The next day, Herbert Love endorses the border project on the news. George Sr. arrives at the border between the two countries, where he finds out that the "Sweat and Squeeze" had been erroneously been set up entirely in Mexico, instead of the US. George Sr. calls Barry (Henry Winkler), who advises him to ask Herbert to withdraw his endorsement, which George Sr. can't afford. Gob arrives at the border and accidentally lets loose hives of bees. George Sr. confronts Oscar about the misplacement of the "Sweat and Squeeze", to which Oscar responds that he will impersonate him. George Sr. goes to Doctor Norman (John Slattery) for pills to help his erectile dysfunction and is sent to Orange County Imaging, where he meets Michael (Jason Bateman). George Sr. signs Michael's release form to be portrayed in the film adaptation of the Bluths' lives (Note: As seen in "The B. Team.") on the condition that Michael gets Herbert to withdraw his endorsement of the border.

George Sr. visits Lucille, where he explains the situation, and she insists George Sr. give Gob a job, so he asks Michael to do it for him. At the model home, Michael runs into Gob, and after a few drinks, they talk about their romantic relationships. Meanwhile, George Sr. records a video of him and Buster (Tony Hale) driving around the supposedly built wall, when in actuality, they are driving in a circle. George Sr. goes to Cinco de Cuatro, where Lucille Austero (Liza Minnelli) complains about him donating money to Herbert's campaign when she is also running for a seat. George Sr. then sees Doctor Norman, who informs him that he has almost no testosterone but has high estrogen levels. Amid a riot from Hispanic people protesting the holiday, George Sr. puts on a red female wig. (Note: In the episode "Red Hairing", it is revealed that the wig previously belonged to Lindsay.)

=== On the next Arrested Development... ===
Lindsay visits Michael at Orange County Imaging.
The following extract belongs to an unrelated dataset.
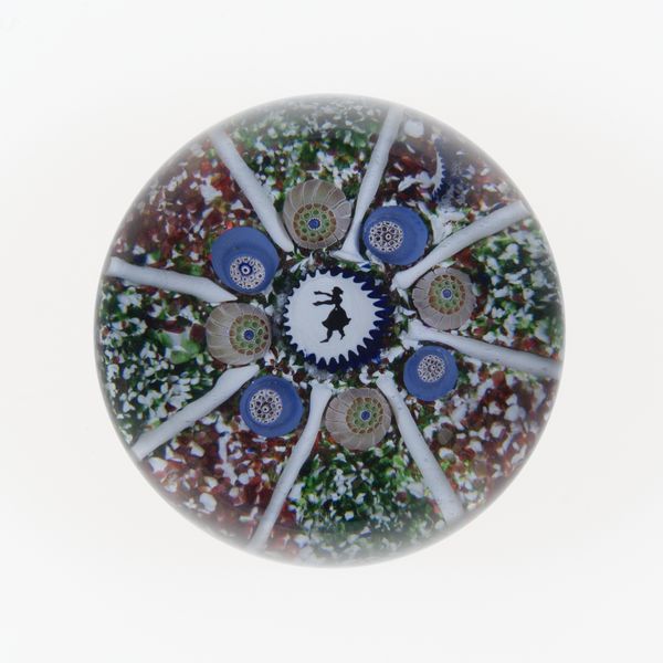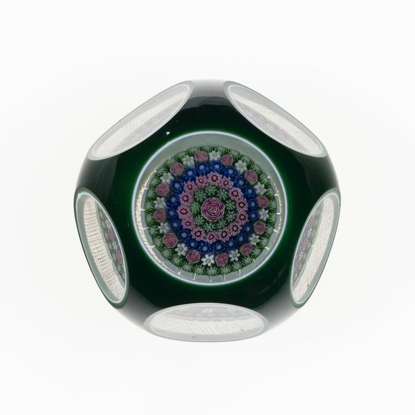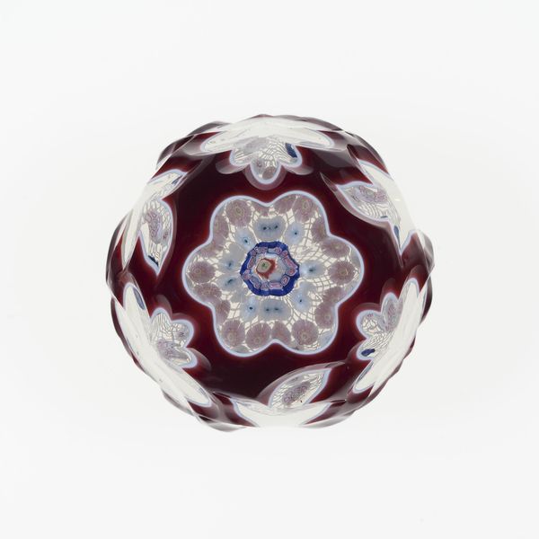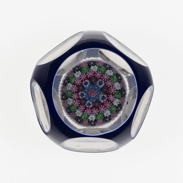 Curator: Here we have a beautiful example of mid-19th century glasswork, a paperweight created by the Baccarat Glassworks around 1845 to 1860. The piece is currently held in the collection of The Art Institute of Chicago. Editor: It looks surprisingly cheerful. It is weighty, but has a miniature cosmos of flowers caught inside, all these light refractions dancing. Curator: Precisely. Observe the intentional placement of millefiori. It creates an intricate floral design, which presents an impressive control of color and form. Consider also the shape of the glass itself, note how its multifaceted dome distorts and amplifies the embedded motif, creating depth and luminosity. Editor: But that apparent sophistication masks the true value embedded in the crafting process and access. Each one made with meticulous techniques: complex molds, and labor that must have demanded specific conditions and skills. Who was it made for, and what are we meant to see through the decorative excess? Curator: What it presents is an intricate pattern that reflects notions of control and order through complex yet deliberate construction. The design leads your eye to the vortex in the center, so we understand the semiotic system employed here—symmetry equates beauty. Editor: Or the illusion of symmetry. Glass production depended then, and still does, on material extraction, energy input, global trade, and on often invisible or marginalized labor. What appears contained within this “perfect” form hides the networks required for it to exist at all. Curator: While I recognize the importance of those considerations, the aesthetic achievement—the interplay of light and color, the spatial organization—ultimately defines its artistic merit. Editor: Perhaps...and for me the enduring value here resides less in the object itself, and more in appreciating what it signifies within our own material realities and connections to its complex network.

When questioned by the police about Lucille Austero's disappearance, George Sr. opens the door, still wearing the wig and living as a woman.

== Production ==
"Double Crossers" was directed by executive producer Troy Miller and series creator Mitchell Hurwitz, and written by co-executive producers Dean Lorey and Richard Rosenstock. It was Miller and Hurwitz's sixth directing credits, Lorey's fourth writing credit and Rosenstock's ninth writing credit.

The season's format is different compared to previous seasons, as each of the 15 episodes focus on one individual character, with every episode happening at the same time within the show's universe, showing the character's activities since the conclusion of the third season. "Double Crossers" was the fourth episode of the season to be filmed, and the second of two focusing on George Sr.

== Reception ==
Eric Goldman of IGN gave the episode an 8 out of 10, saying "Episode 6 did a relatively quick return to George Sr.’s story and thankfully, the results were stronger than in his first Season 4 appearance." Goldman praised the episode for its writing, which he called "certainly wittier" than in "Borderline Personalities", and Terry Crews' "likeable presence". The Guardians Hadley Freeman criticized how the episode suffers from having "not enough time to let the characters, jokes and audience members breathe." Freeman then commented on the episode, and the season, as being "Pulp Fiction-like."

Noel Murray and Erik Adams of The A.V. Club gave the episode a C− grade. Murray criticized how the episode has "so much going on—and so much of it disconnected—that it almost feels like a dumping ground for all the season four story-chunks that are necessary for the overarching narrative but that don’t amount to a whole lot on their own." Adams stated that the episode "feels like a weigh station, a point for season four to pause, sort through the massive amount of story information it’s generated up to this point, determine what’s important, and then move forward." Nick Harley of Den of Geek gave the episode 3.5 stars out of five, stating that "The problem is that George’s storyline is one of the more convoluted and uninteresting threads running through the big, overall picture, but this time around he at least has some help livening things up." In 2019, Brian Tallerico from Vulture ranked the episode 78th out of the whole series, calling it "Another season-four misfire, but at least this one has a bit more of a developed plot, funny beats from Gob and Lucille".